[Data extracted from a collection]
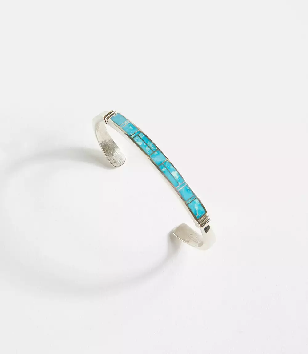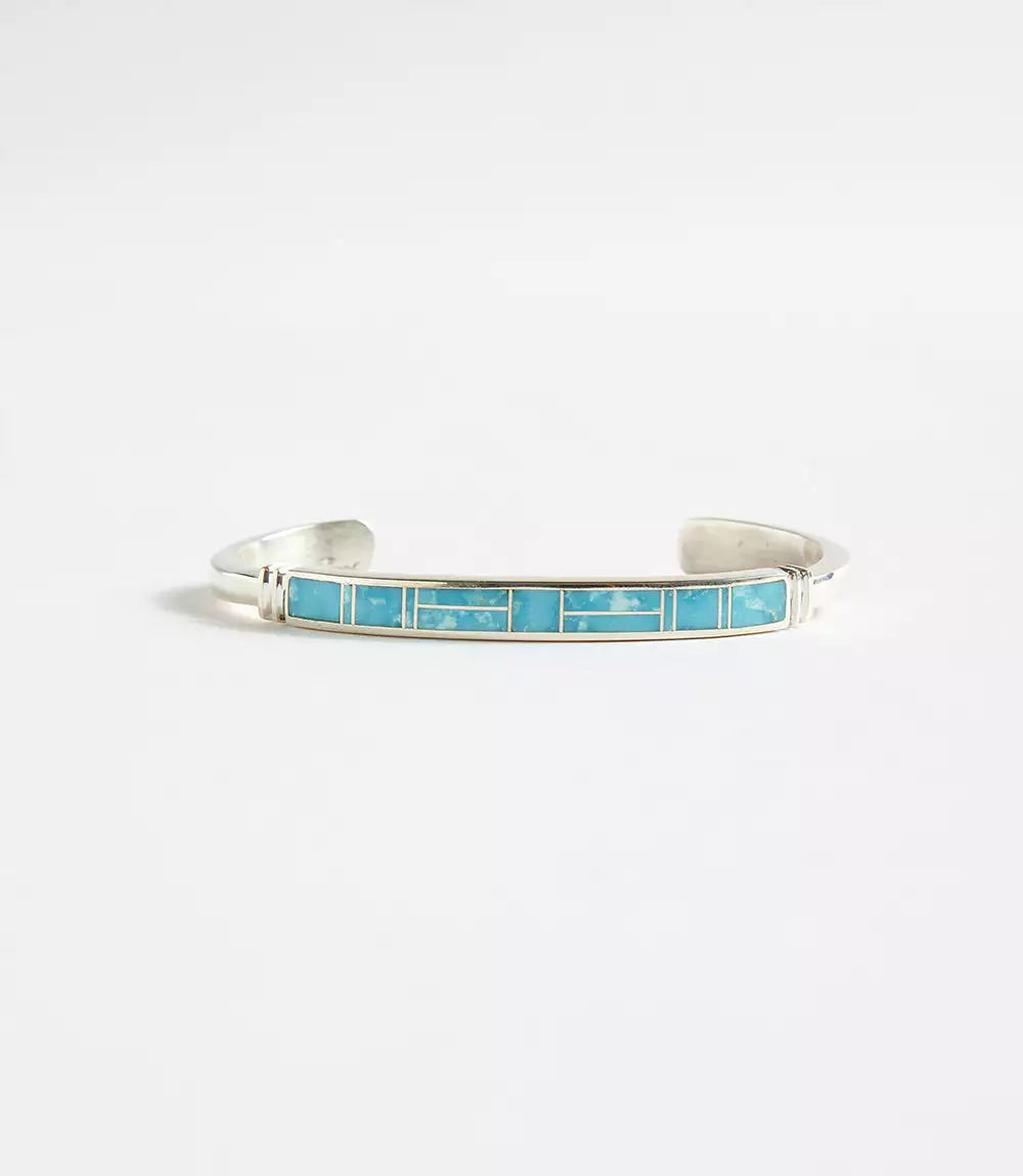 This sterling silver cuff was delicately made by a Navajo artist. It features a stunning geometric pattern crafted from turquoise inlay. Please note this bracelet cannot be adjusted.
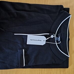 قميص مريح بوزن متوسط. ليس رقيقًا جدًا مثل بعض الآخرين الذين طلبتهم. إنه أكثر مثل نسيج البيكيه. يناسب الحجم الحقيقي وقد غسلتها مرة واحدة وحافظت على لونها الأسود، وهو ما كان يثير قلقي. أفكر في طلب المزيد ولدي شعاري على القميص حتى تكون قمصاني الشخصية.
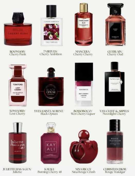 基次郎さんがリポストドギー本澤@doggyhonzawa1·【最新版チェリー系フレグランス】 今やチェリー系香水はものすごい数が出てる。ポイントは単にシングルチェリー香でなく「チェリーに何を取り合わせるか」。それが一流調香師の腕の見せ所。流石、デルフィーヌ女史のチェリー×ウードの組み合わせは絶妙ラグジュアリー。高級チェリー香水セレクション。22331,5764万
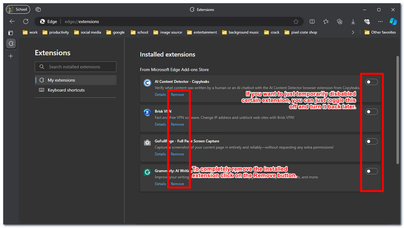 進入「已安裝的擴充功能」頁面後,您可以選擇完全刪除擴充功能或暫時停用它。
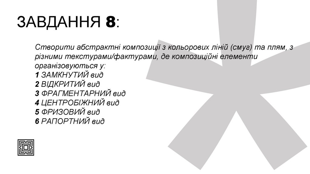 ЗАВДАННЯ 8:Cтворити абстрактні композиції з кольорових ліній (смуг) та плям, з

--

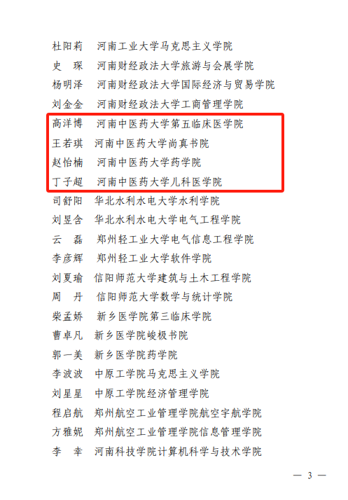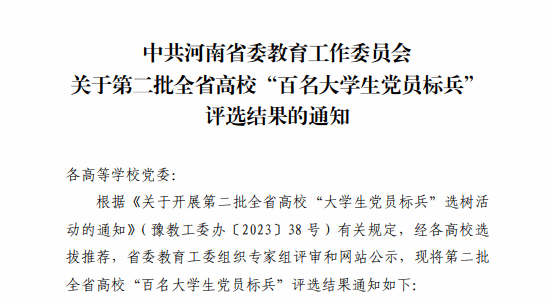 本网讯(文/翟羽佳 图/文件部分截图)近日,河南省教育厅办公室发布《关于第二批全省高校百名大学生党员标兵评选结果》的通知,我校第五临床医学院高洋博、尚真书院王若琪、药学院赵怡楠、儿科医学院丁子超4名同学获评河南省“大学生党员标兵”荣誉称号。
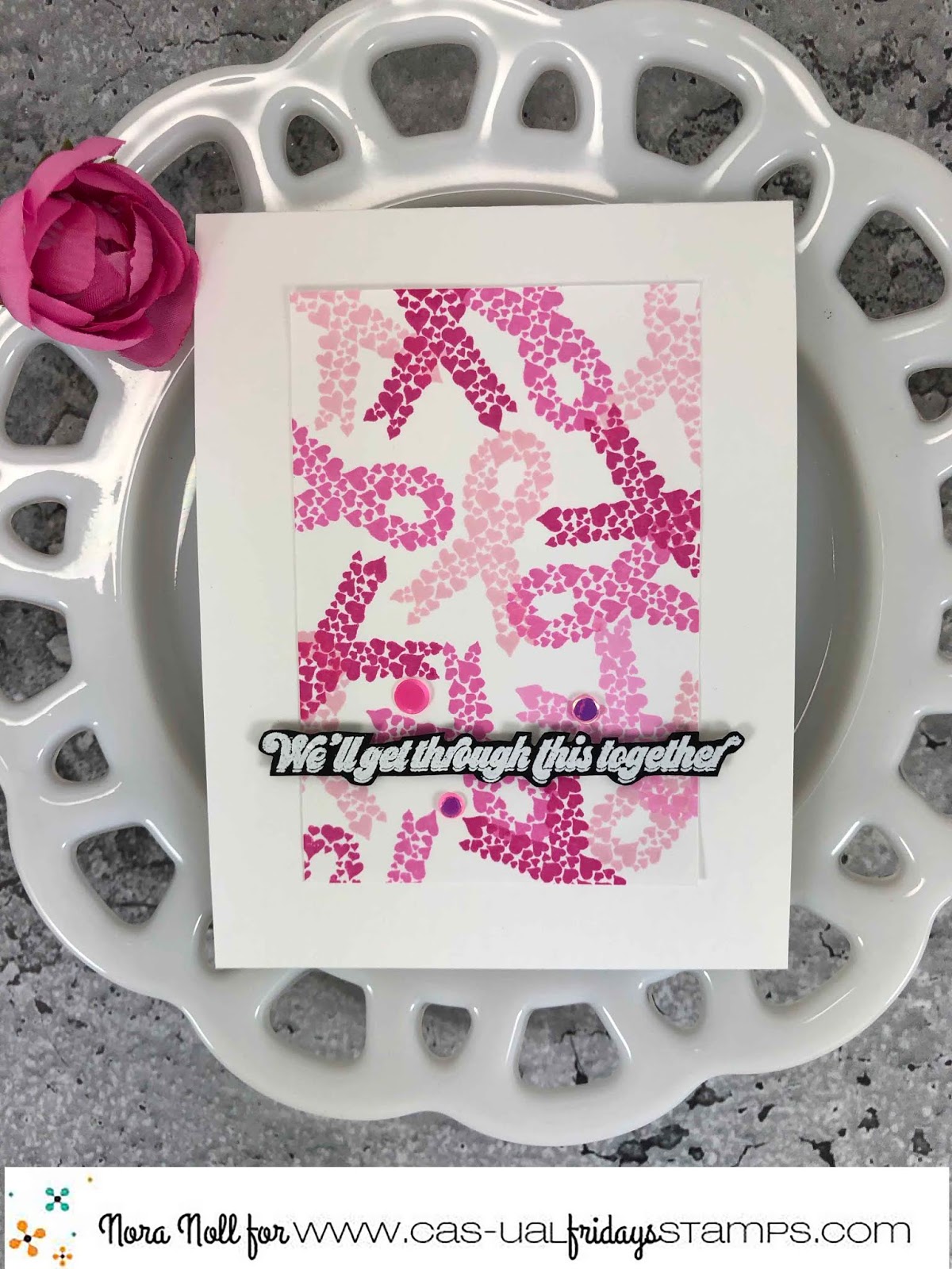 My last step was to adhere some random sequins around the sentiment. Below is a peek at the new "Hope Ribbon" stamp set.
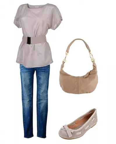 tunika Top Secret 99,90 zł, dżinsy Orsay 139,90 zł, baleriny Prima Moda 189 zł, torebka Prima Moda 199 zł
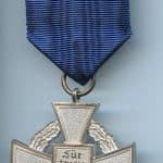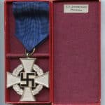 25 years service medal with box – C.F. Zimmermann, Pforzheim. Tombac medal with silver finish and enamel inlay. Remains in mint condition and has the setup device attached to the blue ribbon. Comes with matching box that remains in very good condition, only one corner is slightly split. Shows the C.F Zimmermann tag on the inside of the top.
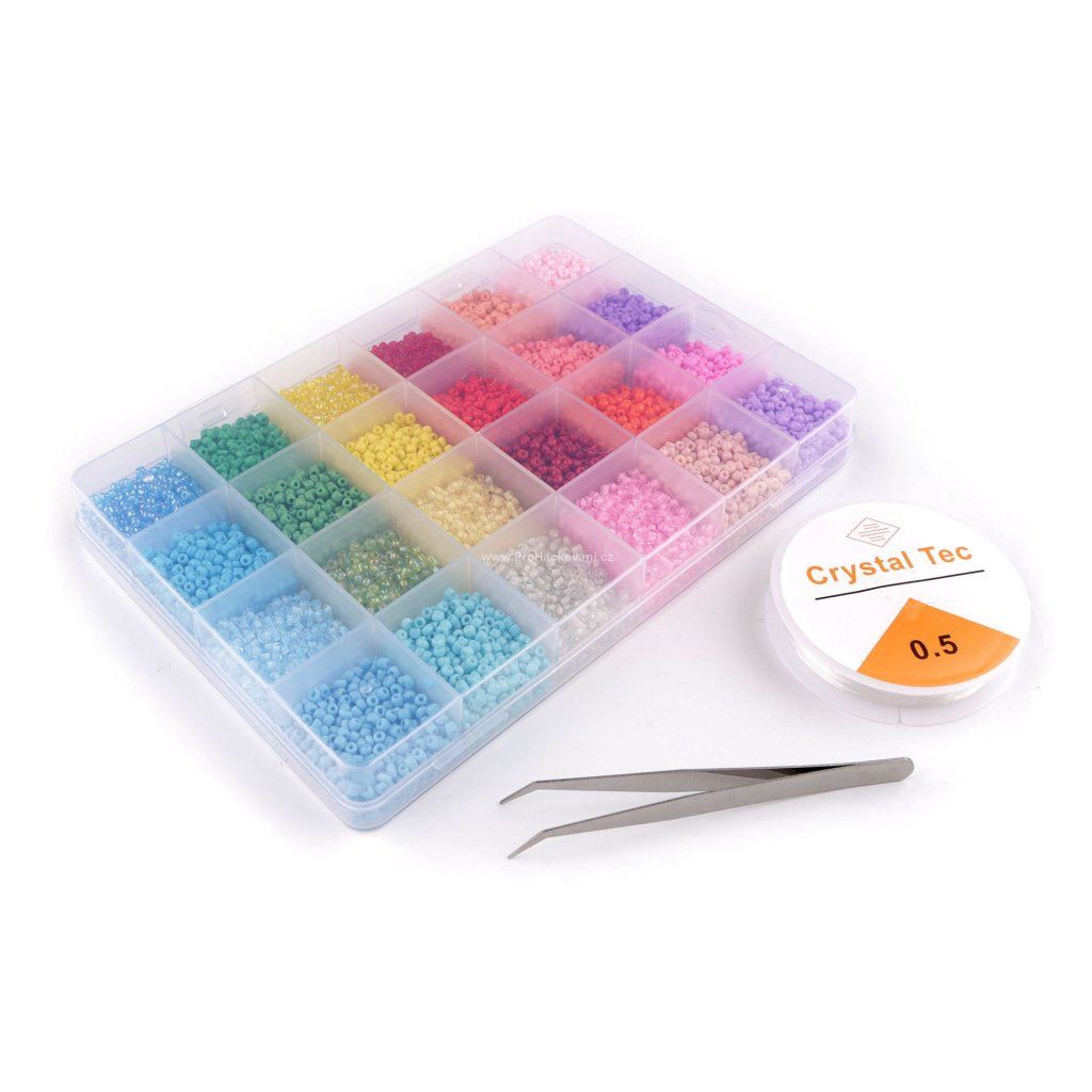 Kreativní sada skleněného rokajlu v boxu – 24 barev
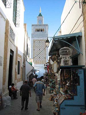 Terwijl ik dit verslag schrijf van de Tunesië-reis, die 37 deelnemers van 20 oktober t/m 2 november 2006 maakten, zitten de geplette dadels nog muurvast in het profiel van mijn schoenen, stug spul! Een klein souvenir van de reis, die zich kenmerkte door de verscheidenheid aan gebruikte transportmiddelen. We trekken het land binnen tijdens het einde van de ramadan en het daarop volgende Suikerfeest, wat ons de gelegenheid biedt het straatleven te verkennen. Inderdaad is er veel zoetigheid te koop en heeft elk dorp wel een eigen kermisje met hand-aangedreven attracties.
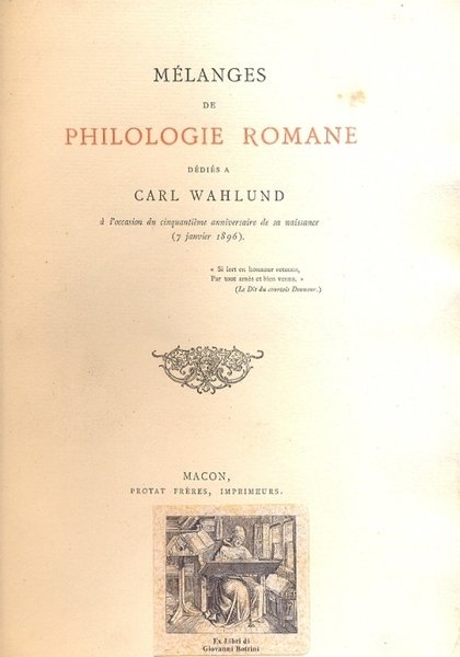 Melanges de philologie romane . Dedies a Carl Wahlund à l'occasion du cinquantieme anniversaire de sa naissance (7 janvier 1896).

Exercise directions: Exactly the lines starting at the one above with "進入「已安裝的擴充功能」頁面後,您可以選擇完全刪除擴充功能或暫時停用它。" and ending at the one with "ЗАВДАННЯ 8:Cтворити абстрактні" should be printed, and nothing else. Omit the pictures.

Solution:
 進入「已安裝的擴充功能」頁面後,您可以選擇完全刪除擴充功能或暫時停用它。
 ЗАВДАННЯ 8:Cтворити абстрактні композиції з кольорових ліній (смуг) та плям, з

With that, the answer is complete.